• The problem: Take the line containing "魏德勛院長向張難先外孫倪祖冀先生頒發(fā)收藏證書" and every line after it to the end of the records, and copy them exactly, excluding pictures.

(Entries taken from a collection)
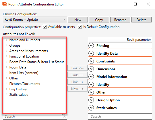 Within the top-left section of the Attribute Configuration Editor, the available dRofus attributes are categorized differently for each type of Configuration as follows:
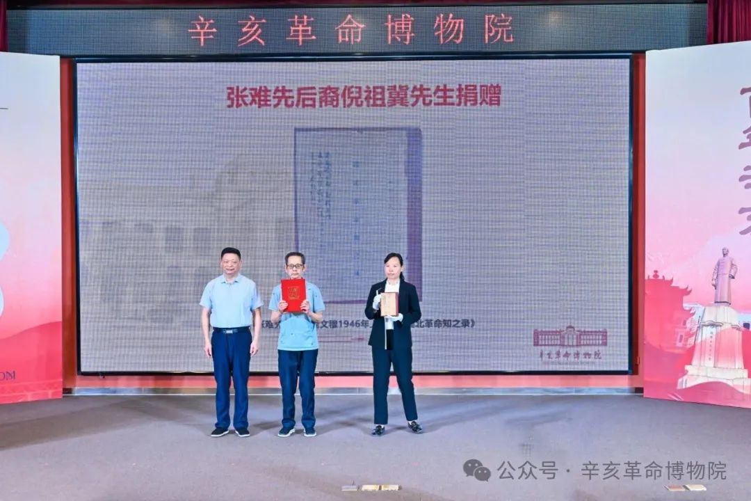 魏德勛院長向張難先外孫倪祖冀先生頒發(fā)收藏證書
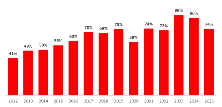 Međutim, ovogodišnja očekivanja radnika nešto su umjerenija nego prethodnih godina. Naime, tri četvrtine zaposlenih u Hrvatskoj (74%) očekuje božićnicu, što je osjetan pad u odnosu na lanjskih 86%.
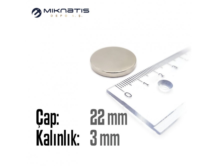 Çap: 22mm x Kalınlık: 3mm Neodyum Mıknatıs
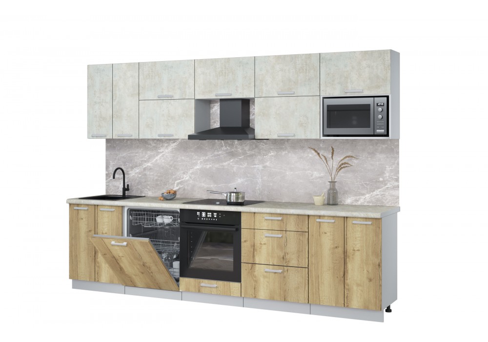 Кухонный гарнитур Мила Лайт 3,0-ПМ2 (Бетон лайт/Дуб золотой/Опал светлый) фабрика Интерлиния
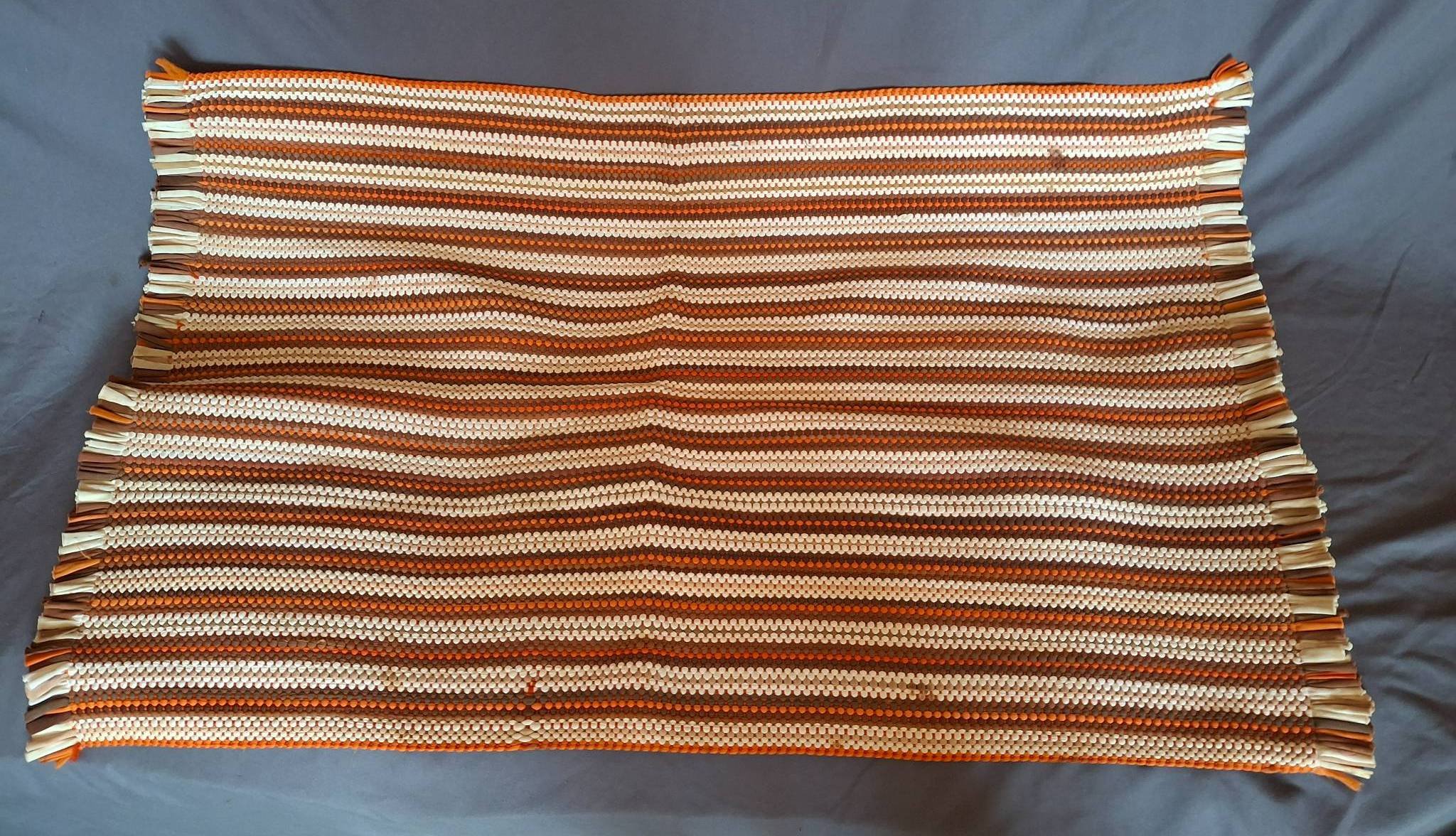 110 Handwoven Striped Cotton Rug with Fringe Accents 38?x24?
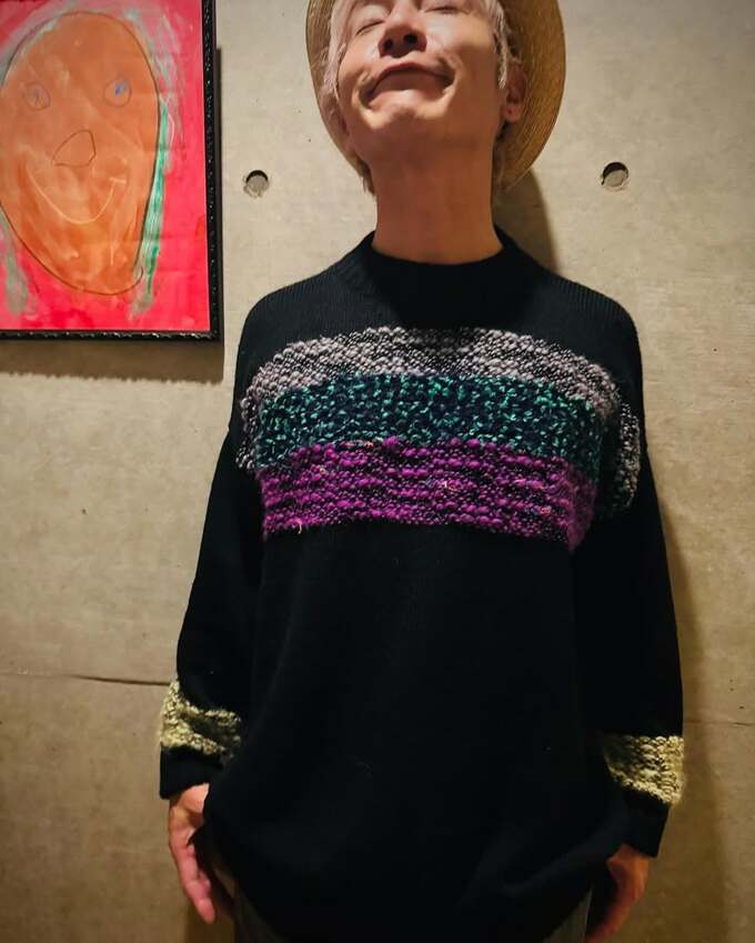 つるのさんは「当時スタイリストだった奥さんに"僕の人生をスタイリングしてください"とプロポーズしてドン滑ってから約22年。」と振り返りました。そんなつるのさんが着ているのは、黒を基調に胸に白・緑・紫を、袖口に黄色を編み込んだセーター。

• Solution to this task:
 魏德勛院長向張難先外孫倪祖冀先生頒發(fā)收藏證書
 Međutim, ovogodišnja očekivanja radnika nešto su umjerenija nego prethodnih godina. Naime, tri četvrtine zaposlenih u Hrvatskoj (74%) očekuje božićnicu, što je osjetan pad u odnosu na lanjskih 86%.
 Çap: 22mm x Kalınlık: 3mm Neodyum Mıknatıs
 Кухонный гарнитур Мила Лайт 3,0-ПМ2 (Бетон лайт/Дуб золотой/Опал светлый) фабрика Интерлиния
 110 Handwoven Striped Cotton Rug with Fringe Accents 38?x24?
 つるのさんは「当時スタイリストだった奥さんに"僕の人生をスタイリングしてください"とプロポーズしてドン滑ってから約22年。」と振り返りました。そんなつるのさんが着ているのは、黒を基調に胸に白・緑・紫を、袖口に黄色を編み込んだセーター。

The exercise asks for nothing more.